От чая с тортом Вячеслав Иванович отказался, хоть и с сожалением: конечно, попробовать собственный торт — редкое удовольствие, которое он разрешал себе только под самым благовидным предлогом, и приглашение Ракова — как раз такой предлог; но чаепитие вдвоем лишний раз напоминало бы о совершенной глупости — ссоре с таким полезным человеком, как журналист, пишущий на моральные темы. А это ужасно противно — сознавать собственную глупость. Всегда легче, когда можно свалить вину за неудачу на кого-нибудь другого.
Он шел к станции, размахивая свернутыми в трубку оттисками своего детского портрета. Эрик хотел было по привычке взять ношу в зубы, но Вячеслав Иванович ему не доверил. Да, такого собственного портрета нет ни у кого из знакомых! Особенно позавидует нынешний муж бывшей жены, капитан лесовоза: он не выносит, когда у кого-то есть то, чего нет у него! Приятно будет и Алле подарить; но, конечно, это будет только добавление, дополнительный штрих, а нужно ей сделать настоящие подарки, чтобы оценила дядю!
И Вячеслав Иванович стал подробно обдумывать, какие можно сделать Алле подарки. Достанет он у себя в ресторане все что угодно, нужно только правильно угадать, чего ей хочется больше всего. (Некстати вспомнилось, что Борбосыч при первом известии о нашедшихся родственниках предсказал, что отныне Вячеслав Иванович заинтересуется женской галантереей, — и оказался прав. Ну и черт с ним!)
В почтовом ящике лежало письмо. Почерк Ларисы— ни с кем не спутаешь: очень крупный и почти неразборчивый. Такой же неряшливый, как она сама.
Конверт не проштемпелеван, значит, сама приходила и опустила. Но парадная дверь у них запирается, и ключа он ей так и не дал. Как же она добралась до ящика? Ждала, когда кто-нибудь пойдет? То есть караулила под дверью! Только этого не хватало. А если он придет с Аллой, а Лариса караулит? Пока объяснишь ей, что Алла племянница, успеет такого наговорить! Тем более увидит Аллин живот…
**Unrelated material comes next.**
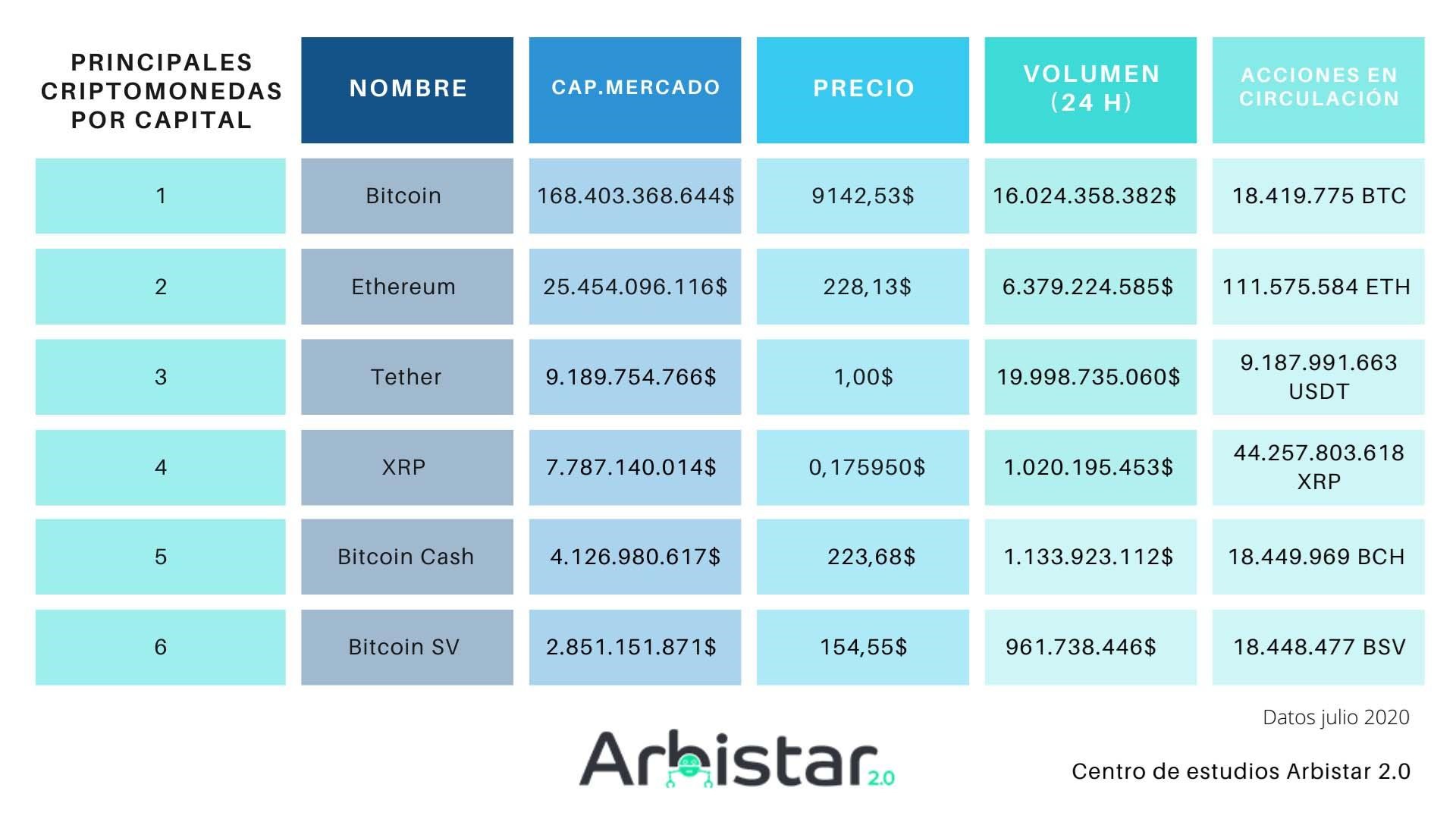 El Centro de Estudios de Arbistar 2.0 escogió un día de julio de 2020 para realizar un análisis sobre los valores de las criptomonedas.

Была бы Алла чужой, познакомься он сейчас с нею, когда она без мужа — и вот-вот родит… В нее бы он мог влюбиться и в беременную… Почему ни разу не встретилась такая, и приходится заводить себе очередные беженеты?!
Ты меня избегаешь, как надоедливой попрошайки. Чего ты трусишь? Скажи честно, что давно завел себе другую!
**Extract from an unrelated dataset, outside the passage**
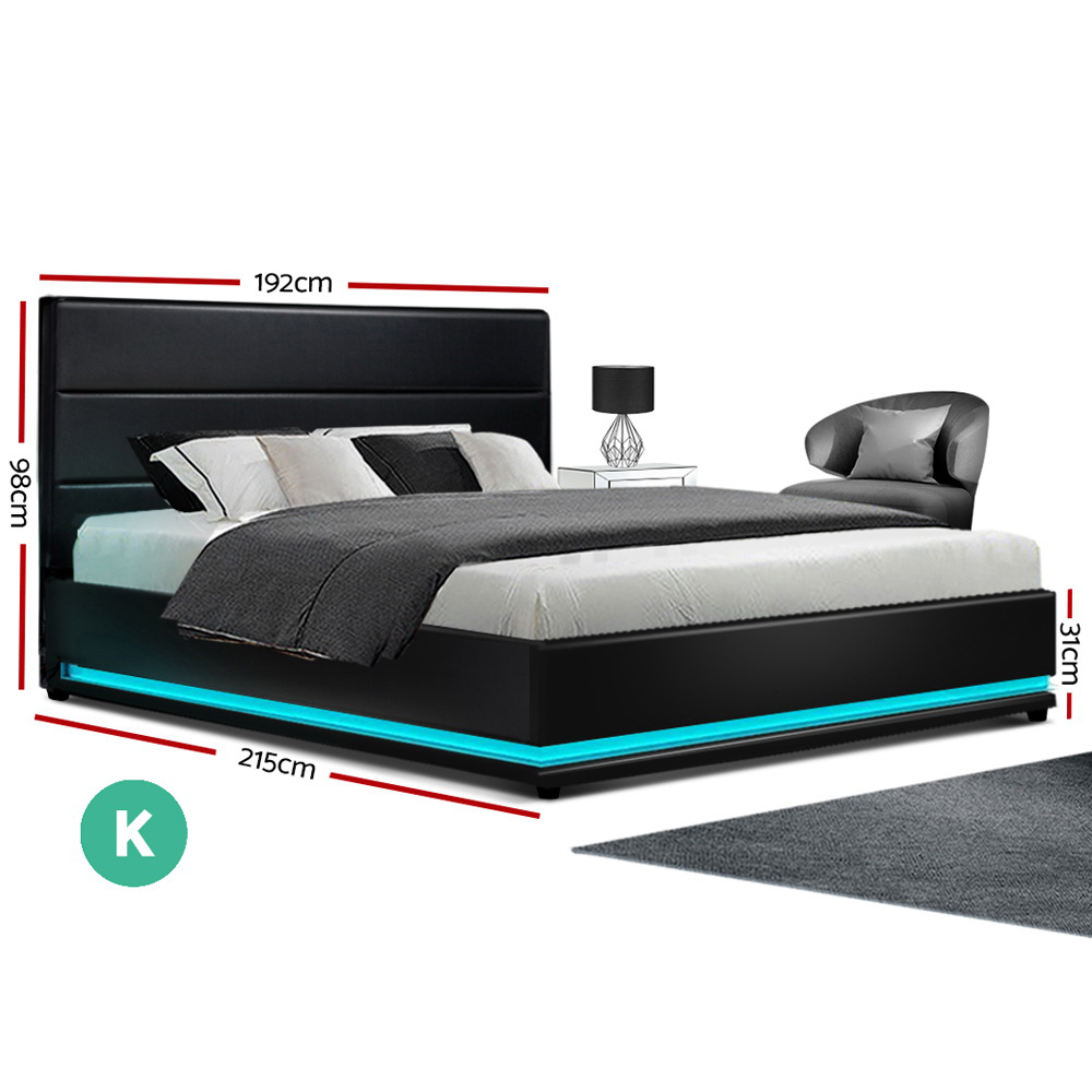 Artiss Bed Frame King Size LED Gas Lift Black LUMI

Скажи, пусть будет больно мне, Но только не молчи!
Не бойся, в волосы ей не вцеплюсь. Хочется только посмотреть прямо в ее «честные», «невинные» глаза!..
Ну и так далее. Что-нибудь объяснять бесполезно: и что другую не завел, и что не избегает специально. Ей не понять, что съездить за дневником матери куда важнее, что любовные мысли его сейчас вовсе не занимают, — у нее-то других мыслей и нет никогда. Ясно одно: нужно, чтобы она не встретилась с Аллой, не пыталась заглядывать ей в глаза.
Вот так всегда заканчивается очередной беженет. А что делать, если без женщин все-таки нельзя?.. А ведь какой-то дурак и от Аллы бежал точно так же, тоже ругал себя, должно быть, что связался, — вот этого Вячеслав Иванович не мог понять!